3. Run a Single Test
set -a && source env/smoke-<env> && set +a && \
uv run pytest tests/smoke/test_outcomes.py::test_model_roles --smoke -vv
set -a && source env/smoke-<env> && set +a && \
pytest tests/smoke/test_outcomes.py::test_model_roles --smoke -vv
Auth Model
Smoke tests use two separate auth mechanisms:
- API calls (eval set submission, log viewer, sample edits): OAuth2 bearer tokens from keyring (
hawk login)
- Warehouse database: IAM authentication via AWS credentials — this is why AWS access must be configured even though you already logged in
Troubleshooting
Before You Debug: Verify the Basics
When smoke tests fail, check these FIRST before investigating further:
- Env file regenerated? If you ran
tofu apply since the last env file generation, regenerate it now
- Correct environment sourced? Run
echo $HAWK_API_URL — does it point to the right environment?
- Network connectivity? Ensure Tailscale is connected.
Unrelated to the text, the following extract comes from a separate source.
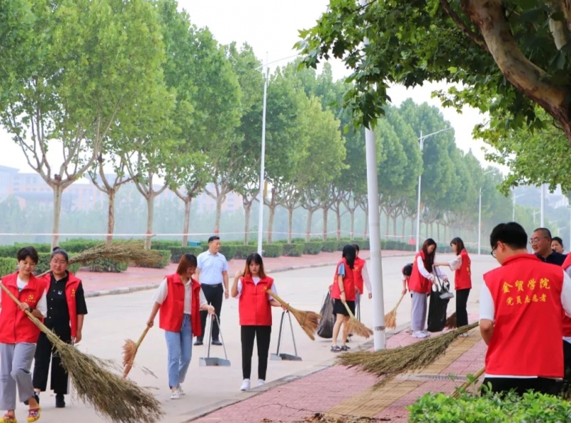 7月23日下午,金貿學院部分留校黨(dang) 員幹部在黨(dang) 委書(shu) 記呂鵬的帶領下在外語樓至大禮堂主幹道、5號宿舍樓、14號宿舍樓進行安全隱患排查和團體(ti) 勞動。在呂書(shu) 記的帶領和指導下,大家進行了負責區域的劃分,同學們(men) 分工明確、團結協作,認真地巡視檢查每一處角落,他們(men) 有的拿著大掃帚清掃落葉、有的在認真撿拾白色垃圾、有的在用力拔除青草、為(wei) 守護校園付諸行動。同學們(men) 忙碌的身影、專(zhuan) 注的姿態、流下的汗水成為(wei) 校園裏最靚麗(li) 的風景線。在呂書(shu) 記的率領下,經過將近兩(liang) 個(ge) 小時的排查和打掃,大家順利完成整潔校園的安全排查和清理工作。
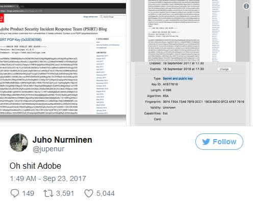 Adobe产品安全事件响应团队(PSIRT)在发布了PGP公共密匙还把私人密匙也公布了出来,这意味着该PGP签名不再安全,获得密匙的人则能借此盗取邮箱的通信内容。

If you're running in a different AWS VPC than the target environment (e.g., running in production VPC but targeting staging), you'll need to resolve network routing — ask for help
- Logged in?
hawk auth access-token > /dev/null && echo OK — if this fails, run hawk login
Common Errors
| Issue | Cause | Fix |
|---|
500 Internal Server Error on POST /eval_sets/ | Middleman timeout under concurrent load | Reduce workers (-n 5) or retry |
PAM authentication failed for warehouse | Missing AWS credentials for IAM auth | Ensure correct AWS profile is active (e.g., export AWS_PROFILE=staging) |
RuntimeError: HAWK_API_URL not set | Missing env file | Run create-smoke-test-env.py |
All eval sets end in error status | Runner pods failing silently | hawk logs <eval-set-id> — read the actual error message |
Helm install failed: ... is forbidden | k8s RBAC issue — service account missing permissions | Check ClusterRoleBinding exists for the runner service account |
TimeoutError waiting for sample in warehouse | Eval-log-importer batch job failing | Check batch logs (see below) |
TimeoutError waiting for eval set completion | Runner pod issue | hawk logs <eval-set-id> |
ValueError: refresh_token not found | Not logged in | hawk login |
| Tests submit but API has zero logs | Smoke tests hitting wrong API endpoint | Verify HAWK_API_URL — env may not be sourced correctly |
Debugging Approach
ALWAYS find root cause before attempting fixes. When investigating failures:
- Read error messages literally — don't skip past errors to guess at causes. If Helm says "configmaps is forbidden", the issue IS permissions, not something else
- Gather evidence before forming hypotheses — check logs, pod status, env vars before proposing a fix
- Verify one thing at a time — don't change multiple things and re-test
When Samples Don't Appear in Warehouse
This means the eval completed but the import pipeline failed. The investigation path is:
S3 → EventBridge → Lambda → Batch → DB
See docs/solutions/smoke-test-failures/investigating-batch-import-failures.md for the full debugging guide with commands for each stage.
Related Skills and Docs
deploy-dev skill: Deploy code changes to dev environments before running smoke tests
db-migrations skill: Run migrations against dev warehouse DBs (often needed after deploying schema changes)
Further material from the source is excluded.